**EXERCISE REQUIREMENTS:** In the listing below, find the line containing "扫描速度  :   40ppm/80ipm每分钟" and the line containing "Situated in downtown". Repeat exactly those two lines and every line between them, nothing more.

**SOURCE MATERIAL:**
Start of Block

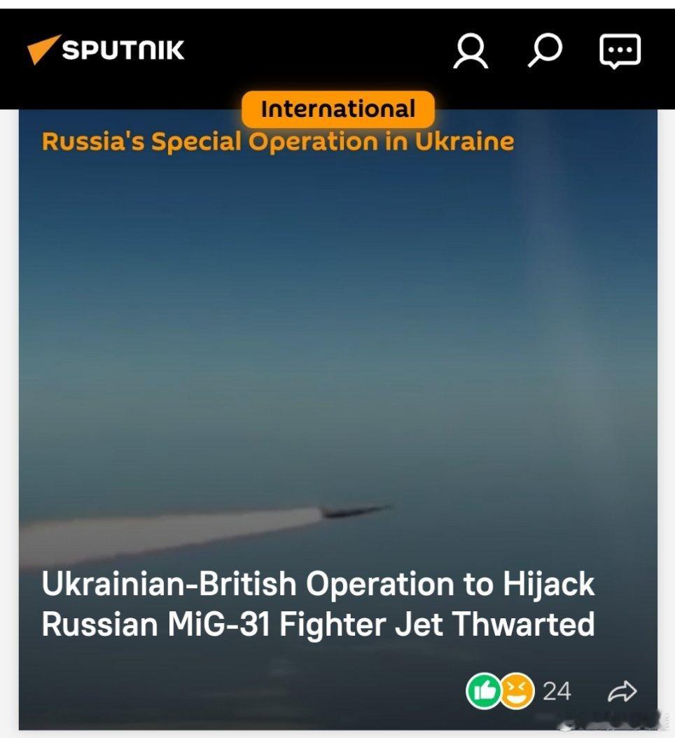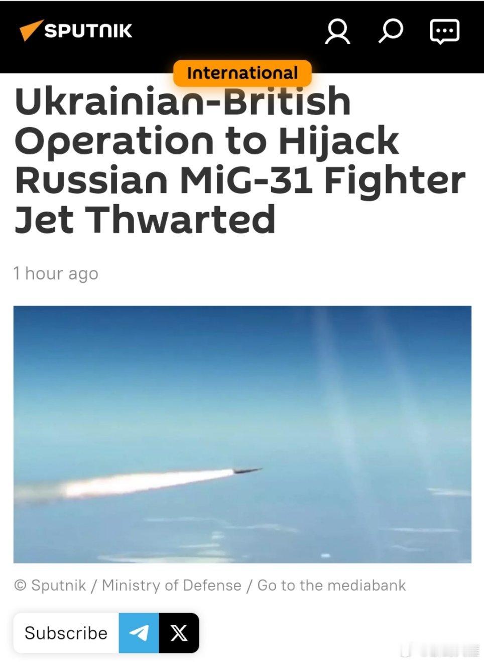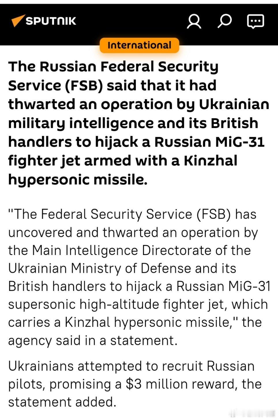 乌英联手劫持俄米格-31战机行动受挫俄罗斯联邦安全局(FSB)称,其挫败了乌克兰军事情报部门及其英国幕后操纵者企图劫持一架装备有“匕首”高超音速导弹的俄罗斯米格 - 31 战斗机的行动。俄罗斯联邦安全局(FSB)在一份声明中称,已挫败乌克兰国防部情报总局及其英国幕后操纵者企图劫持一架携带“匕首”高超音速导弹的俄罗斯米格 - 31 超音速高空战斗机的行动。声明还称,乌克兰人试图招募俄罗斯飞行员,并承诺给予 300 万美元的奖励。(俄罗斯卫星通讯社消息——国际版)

End of Block
Start of Block

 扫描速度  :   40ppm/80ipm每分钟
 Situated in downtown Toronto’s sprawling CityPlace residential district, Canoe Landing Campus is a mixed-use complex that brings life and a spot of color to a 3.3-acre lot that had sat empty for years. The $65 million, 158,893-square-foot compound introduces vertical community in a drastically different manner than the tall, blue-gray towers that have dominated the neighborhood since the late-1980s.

End of Block

**EXERCISE OUTPUT:**
 扫描速度  :   40ppm/80ipm每分钟
 Situated in downtown Toronto’s sprawling CityPlace residential district, Canoe Landing Campus is a mixed-use complex that brings life and a spot of color to a 3.3-acre lot that had sat empty for years. The $65 million, 158,893-square-foot compound introduces vertical community in a drastically different manner than the tall, blue-gray towers that have dominated the neighborhood since the late-1980s.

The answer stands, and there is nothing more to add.